My mother held me and I cried. Up until that point I had been silent. I had not spoken up out of fear of retribution. Would I get in trouble? Had I done something wrong? I had tried telling them I was born in Canada, in Montreal. I was not born Pakistani, or Paki, as they preferred. I tried justifying myself only to hear them tell me that of course I was a Paki; I was brown and that made me dirty.

Twenty three years ago. I still remember the way that made me feel. The boys were later dealt with by the principal and suspended from the bus but their actions stayed with me for all these years. The feeling of not belonging, of having to justify myself to them, of being insulted so humiliatingly lingered with me. It stayed with me on and off during high school. While things improved, the occasional jerk would taunt me with those same haunting words: "Dirty Paki."

It made me question my roots for some time. To figure out who I really I am. Am I Canadian? I'm born in Montreal, is that good enough? What more do I have to prove? It took me years to come to terms with my identity and to speak up against those foolish enough to think otherwise.

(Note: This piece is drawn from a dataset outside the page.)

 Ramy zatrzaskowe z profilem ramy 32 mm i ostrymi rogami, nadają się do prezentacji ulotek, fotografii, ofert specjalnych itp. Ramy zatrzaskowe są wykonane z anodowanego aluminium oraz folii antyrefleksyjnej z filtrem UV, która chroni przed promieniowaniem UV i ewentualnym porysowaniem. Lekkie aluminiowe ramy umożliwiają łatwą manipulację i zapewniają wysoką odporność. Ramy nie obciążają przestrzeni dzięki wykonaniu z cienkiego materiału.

Times have changed, but in some ways they have remained the same. We are now raising our own children in Montreal, and not far from where I grew up.

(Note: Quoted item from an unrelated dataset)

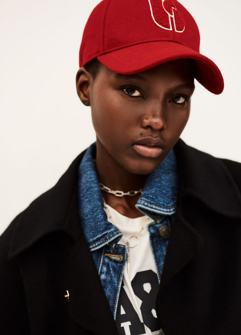 Red cap with a curved brim. Thick wool fabric and the signature logo on the front

Recently, my daughter came home and told me a boy in her class had told her she must be Indian. She told him no, actually, she is Canadian. He told her no, she must be Indian, she is brown. She told him, actually no, I am Canadian, I was born in Toronto. He responded that nope, he is pretty sure she is Indian 'cuz her mom must have been born in India. She responded that actually nope, her mom was born in Montreal.

We live in the best country on the planet. Our cultural fabric is comprised of a mosaic of cultures and traditions. We embrace integration not assimilation yet there are still many who fear that which they do not know.

In my instance this traumatic event challenged me to question my identity and realize I have nothing to be ashamed of. I honour and respect my parents and the millions of others before them for leaving their families behind and traveling across the globe to start a new life. Excluding First Nations people, we are all immigrants. No one has any superior right over the other. It is the subtleties of our differences that makes us unique, strong and beautiful.

I had tucked this story away on the back shelves of my memory bank but chose to finally share it for the thousands of others that have suffered. I refused to let those words define me. For years they led me to question who I was. Somewhere deep within that cold, icy snow bank, two dirty words helped shape my identity and strengthen my red and white pride and that is something no bully can ever take away.